_Task requirements:_ The material below should be copied line for line, please, with pictures omitted.

_Data:_
────

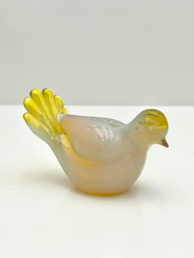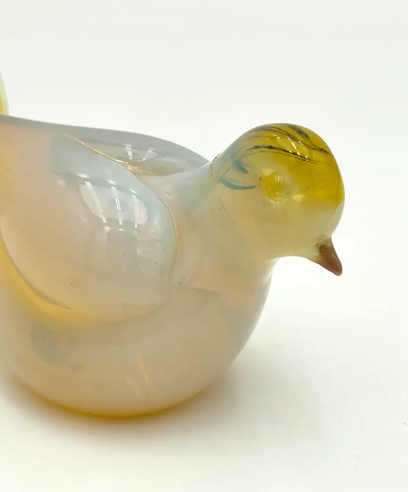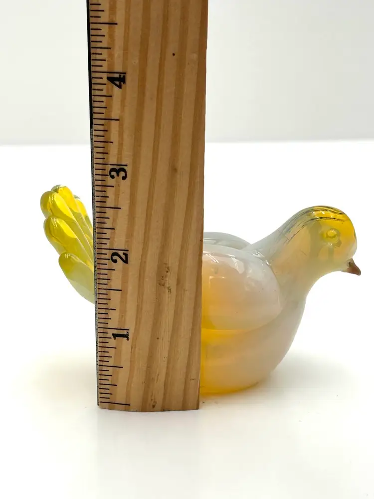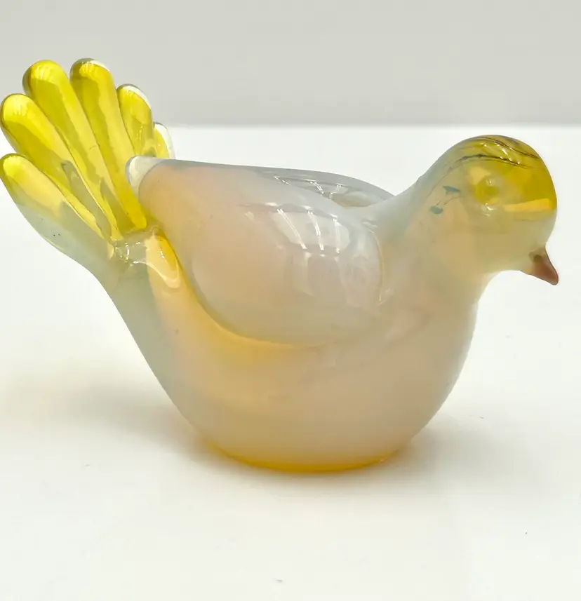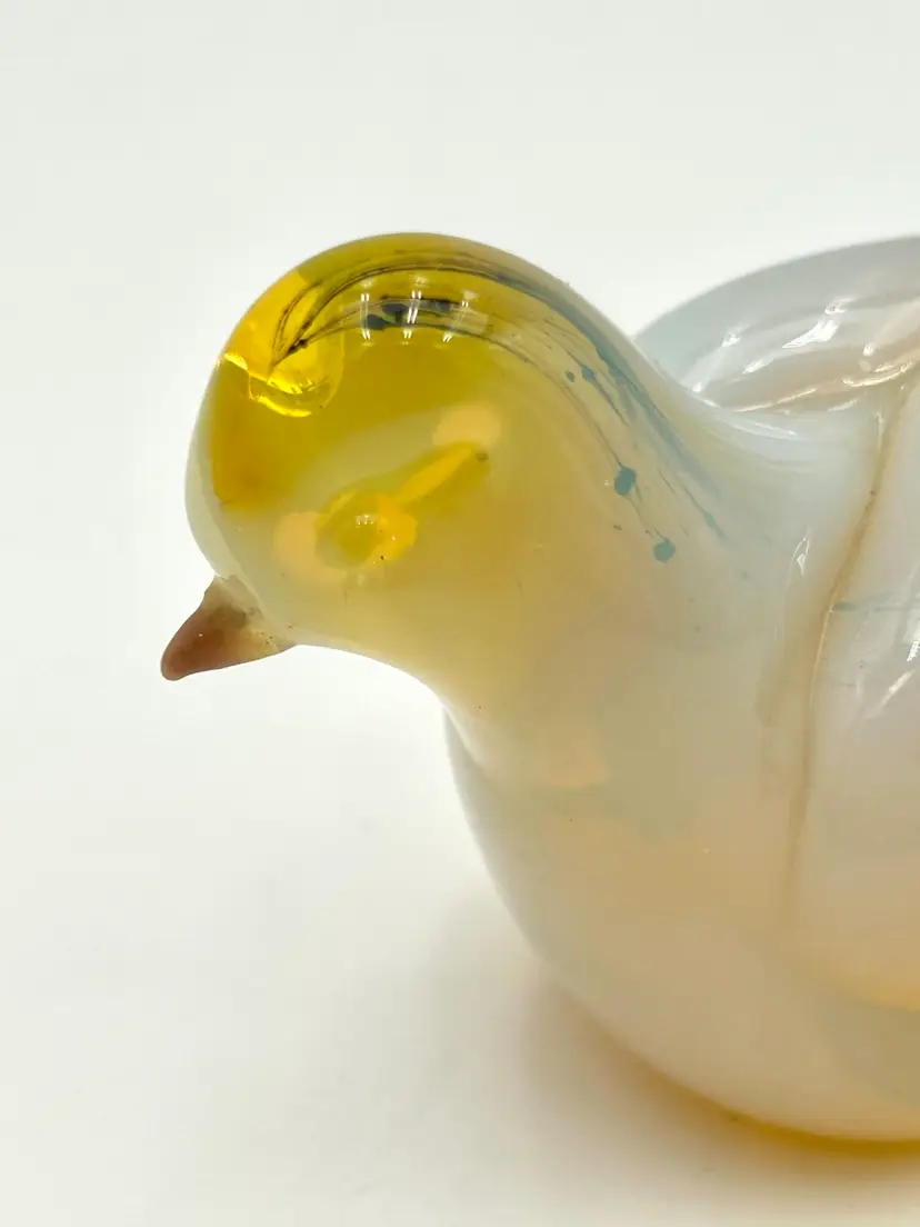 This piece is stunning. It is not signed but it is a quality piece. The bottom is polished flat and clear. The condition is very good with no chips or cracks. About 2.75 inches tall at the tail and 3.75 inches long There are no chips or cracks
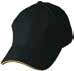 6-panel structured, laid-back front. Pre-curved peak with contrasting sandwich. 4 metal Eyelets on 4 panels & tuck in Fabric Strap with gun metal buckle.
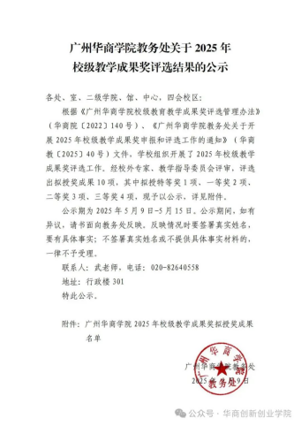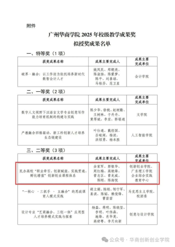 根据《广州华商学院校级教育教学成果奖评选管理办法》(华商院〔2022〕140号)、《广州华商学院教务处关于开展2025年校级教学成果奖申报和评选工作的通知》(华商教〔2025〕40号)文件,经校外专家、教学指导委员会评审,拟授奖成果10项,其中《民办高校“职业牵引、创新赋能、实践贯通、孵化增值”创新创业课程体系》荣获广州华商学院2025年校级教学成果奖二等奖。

────

_Your solution:_
 This piece is stunning. It is not signed but it is a quality piece. The bottom is polished flat and clear. The condition is very good with no chips or cracks. About 2.75 inches tall at the tail and 3.75 inches long There are no chips or cracks
 6-panel structured, laid-back front. Pre-curved peak with contrasting sandwich. 4 metal Eyelets on 4 panels & tuck in Fabric Strap with gun metal buckle.
 根据《广州华商学院校级教育教学成果奖评选管理办法》(华商院〔2022〕140号)、《广州华商学院教务处关于开展2025年校级教学成果奖申报和评选工作的通知》(华商教〔2025〕40号)文件,经校外专家、教学指导委员会评审,拟授奖成果10项,其中《民办高校“职业牵引、创新赋能、实践贯通、孵化增值”创新创业课程体系》荣获广州华商学院2025年校级教学成果奖二等奖。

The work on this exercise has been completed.